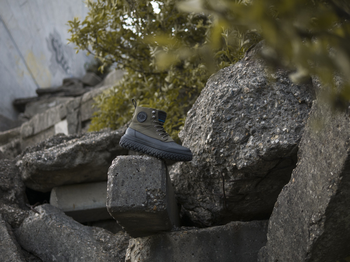 70年の歴史を経て、パラディウムのオリジンでもある航空機タイヤからインスピレーションを受け、グリップ力に優れたアウトソールを開発。タイヤのような丸みを帯びた極厚ソールは、そのグリップ力から、雨や雪、砂利や砂といった気候や地形を選ばずに活躍。パラディウムらしいミリタリーテイスト溢れるシリーズです。
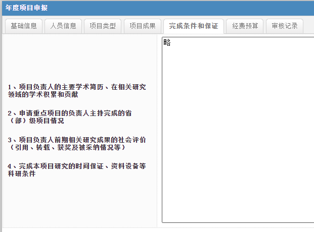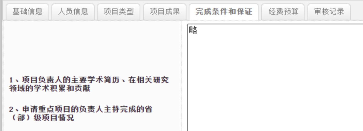 7.在完成条件和保证选项卡中,填写“略”。
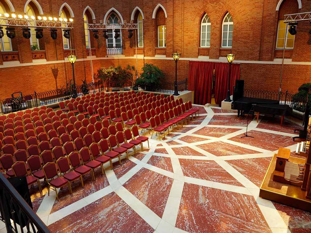 Одним из ключевых элементов интерьера атриума является немецкий орган, специально изготовленный для культурного центра «Царицыно». Этот музыкальный инструмент, обладающий высокой технической и акустической характеристиками, является важным элементом концертной жизни атриума. Регулярно здесь проводятся органные концерты, которые привлекают ценителей классической музыки и способствуют популяризации данного жанра. Кроме того, атриум служит выставочной площадкой, где организуются вернисажи художественных экспозиций.
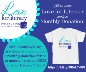 Now through 2/14, any new donor who shows their Love for Literacy and signs up for a monthly donation of $100 or more to PBALC will receive a free Love for Literacy T-shirt from PBALC. You can set up your monthly donation at https://pbalc.org/donate/
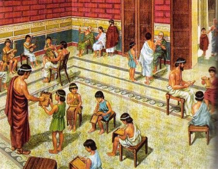 Бастапқы кезеңдегі білім беру жүйесі бойынша, бір ұстаз бір ғана шәкіртті оқытатын болған. Ділмарлар мен философтар шәкірттеріне физика, математика, биология саласындағы жаңалықтарды жеткізу үшін бүгінгідей сыныптарда оқытпай, әр түрлі мекендерге саяхатқа шығаратын болған екен.
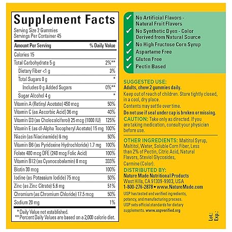 Thông tin sản phẩm Nature Made Zero Sugar Multivitamin Gummies, Mens & Womens Multivitamins, Daily Nutritional Support Vitamin and Mineral Supplement, Aspartame Free, 90 Gummies, 45 Day Supply
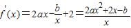 解答:解:由f(x)=ax2-blnx+2x,得
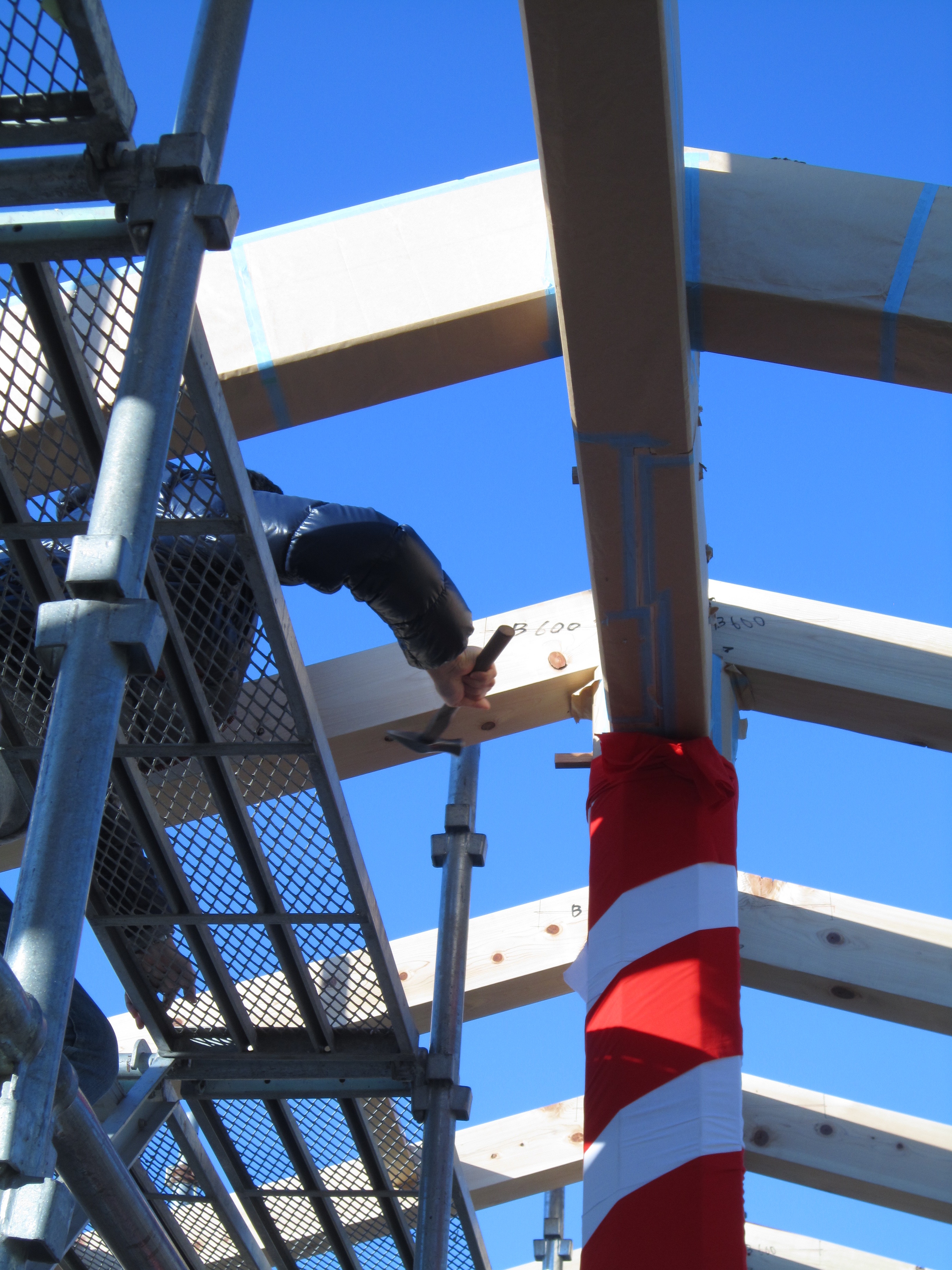 最後に施主さんが、あの柱のてっぺんの「込栓」を打ち込んで
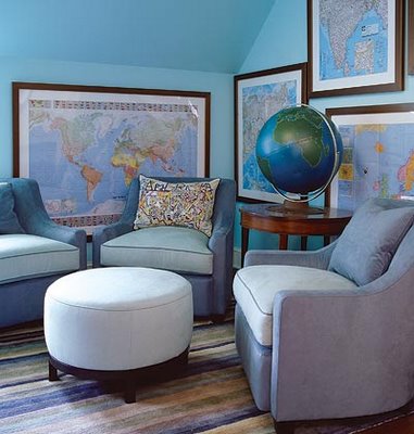 3. Utilizar los mapas para empapelar las paredes. Las opciones son numerosas, todo dependerá de tu creatividad y los mapas que tengas a mano. Como puedes apreciar en las imágenes, es una idea válida lo mismo para una habitación que para el rincón de trabajo.
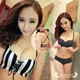 日系性感前绑带深V时尚牛仔蕾丝文胸聚拢薄款侧收调整女内衣套装
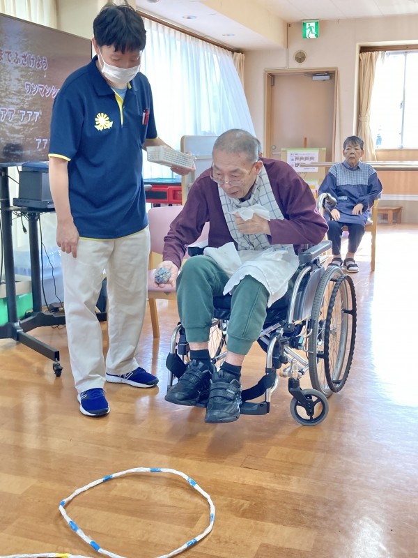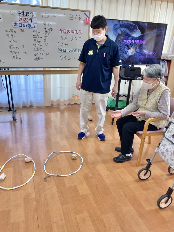 この後、音楽レク「紅葉」を皆で体を動かしてから歌を歌って、おやつとなりました。

——

> WHAT TO PRODUCE
With pictures left out, extract the lines from the one containing "Бастапқы кезеңдегі білім" to the end of the material above, both included, exactly as written.

> TASK RESPONSE
 Бастапқы кезеңдегі білім беру жүйесі бойынша, бір ұстаз бір ғана шәкіртті оқытатын болған. Ділмарлар мен философтар шәкірттеріне физика, математика, биология саласындағы жаңалықтарды жеткізу үшін бүгінгідей сыныптарда оқытпай, әр түрлі мекендерге саяхатқа шығаратын болған екен.
 Thông tin sản phẩm Nature Made Zero Sugar Multivitamin Gummies, Mens & Womens Multivitamins, Daily Nutritional Support Vitamin and Mineral Supplement, Aspartame Free, 90 Gummies, 45 Day Supply
 解答:解:由f(x)=ax2-blnx+2x,得
 最後に施主さんが、あの柱のてっぺんの「込栓」を打ち込んで
 3. Utilizar los mapas para empapelar las paredes. Las opciones son numerosas, todo dependerá de tu creatividad y los mapas que tengas a mano. Como puedes apreciar en las imágenes, es una idea válida lo mismo para una habitación que para el rincón de trabajo.
 日系性感前绑带深V时尚牛仔蕾丝文胸聚拢薄款侧收调整女内衣套装
 この後、音楽レク「紅葉」を皆で体を動かしてから歌を歌って、おやつとなりました。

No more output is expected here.